3 min read

Simple example of fitting splines with mixed models

I thought it might be value to provide some code showing how splines can be fit using mixed models.

library(tidyverse)
## Warning: package 'tidyverse' was built under R version 3.4.4
## -- Attaching packages ------------------------------------------------------------------------------------------------ tidyverse 1.2.1 --
## v ggplot2 3.0.0     v purrr   0.2.5
## v tibble  1.4.2     v dplyr   0.7.6
## v tidyr   0.8.0     v stringr 1.3.1
## v readr   1.1.1     v forcats 0.2.0
## Warning: package 'ggplot2' was built under R version 3.4.4
## Warning: package 'readr' was built under R version 3.4.4
## Warning: package 'purrr' was built under R version 3.4.4
## Warning: package 'dplyr' was built under R version 3.4.4
## Warning: package 'stringr' was built under R version 3.4.4
## -- Conflicts --------------------------------------------------------------------------------------------------- tidyverse_conflicts() --
## x dplyr::filter() masks stats::filter()
## x dplyr::lag()    masks stats::lag()
library(nlme)
## 
## Attaching package: 'nlme'
## The following object is masked from 'package:dplyr':
## 
##     collapse
library(splines)
library(mgcv)
## This is mgcv 1.8-23. For overview type 'help("mgcv-package")'.
####Options----
theme_set(theme_bw())
## Parsed with column specification:
## cols(
##   range = col_integer(),
##   logratio = col_double()
## )

Basis functions

####Create Basis Functions----
#Number of knots
knot_num <- 20
#Location of knots
knot_loc <- quantile(unique(data$range),
                                         #select quantiles except 1st (0) and last (1)
                                         seq(0,1, length= (knot_num + 2))[-c(1,(knot_num + 2))])

#Boundaries
a <- 1.01*min(data$range) - 0.01*max(data$range) 
b <- 1.01*max(data$range) - 0.01*min(data$range)

#B spline
basis_func <- bs(data$range, Boundary.knots = c(a,b), knots = knot_loc, degree = 3)
#Natural spline
basis_func2 <- ns(data$range, Boundary.knots = c(a,b), knots = knot_loc, df = 4)

Fit Mixed Models

####Fit mixed Model----
intercept <- rep(1, length(data$range))

fit <- lme(logratio ~ range, data = data,
                     random = list(intercept = pdIdent(~-1+basis_func)))

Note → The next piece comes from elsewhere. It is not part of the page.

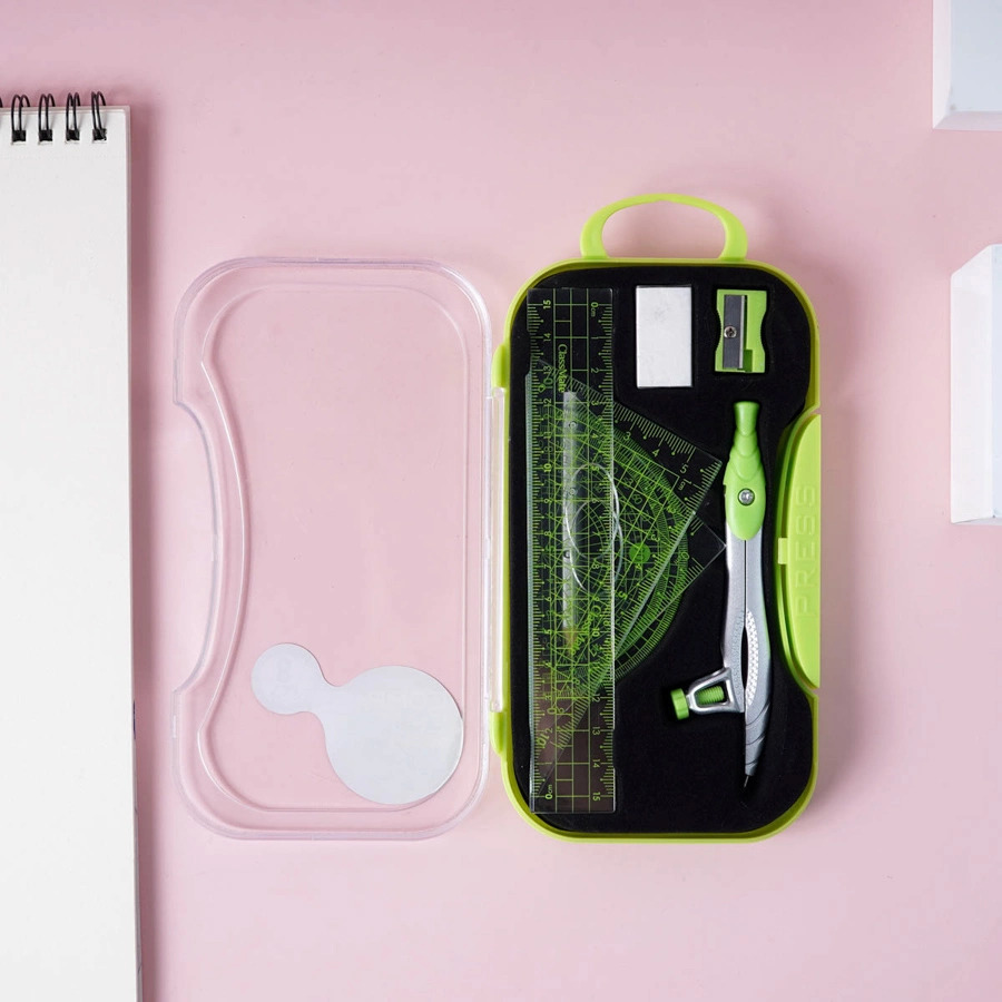 • Chất Lượng Cao Cấp: Bề mặt compa được sơn kim loại cao cấp, đảm bảo độ bền và chống gỉ sét. Các chi tiết như thước thẳng, eke và hộp đựng đều được sản xuất bằng nhựa chưa qua tái sử dụng, đảm bảo độ trong suốt tuyệt đối.

fit2 <- lme(logratio ~ range, data = data,
                     random = list(intercept = pdIdent(~-1+basis_func2)))

#estimates
#B spline
beta_hat <- fit$coef$fixed

u_hat <- unlist(fit$coef$random)

sigma_square_e <- fit$sigma^2

sigma_square_u <- as.numeric(VarCorr(fit)[1,1])

#Natural Spline
beta_hat2 <- fit2$coef$fixed

u_hat2 <- unlist(fit2$coef$random)

sigma_square_e2 <- fit2$sigma^2

sigma_square_u2 <- as.numeric(VarCorr(fit2)[1,1])

Plot

#####Plot fit on a grid-----
# create the grid where you want to plot the function
grid_x <- seq(a,b, length = 1001)
#nx2 matrix of vector of 1s and values of grid
x_vals <- cbind(rep(1,1001),grid_x) 
#grid basis function
basis_func_grid <- bs(grid_x, Boundary.knots = c(a,b), knots = knot_loc, degree = 3)
basis_func_grid2 <- ns(grid_x, Boundary.knots = c(a,b), knots = knot_loc, df = 4)
# Get the function fit to the grid
grid_fit <- as.vector(x_vals%*%beta_hat + basis_func_grid%*%u_hat)
grid_fit2 <- as.vector(x_vals%*%beta_hat2 + basis_func_grid2%*%u_hat2)
#mgcv fit
gam_fit <- gam(logratio ~ s(range, bs = "cr", k = 20), method = "REML", data = data)
gam_grid <- predict(gam_fit, newdata = data.frame(range = grid_x))

#Plot smooth curves
spline_data <- data_frame(grid_x, grid_fit, grid_fit2, gam_grid)

data %>% ggplot(aes(x = range, y = logratio)) + geom_point() +
    geom_line(data = spline_data, aes(x = grid_x, y = grid_fit, color = "Natural Spline"), size = 1) +
    geom_line(data = spline_data, aes(x = grid_x, y = grid_fit2, color = "B Spline"), size = 1) +
  geom_line(data = spline_data, aes(x = grid_x, y = gam_grid, color = "GAM"), size = 1) +
  scale_color_discrete(name = "Spline Types")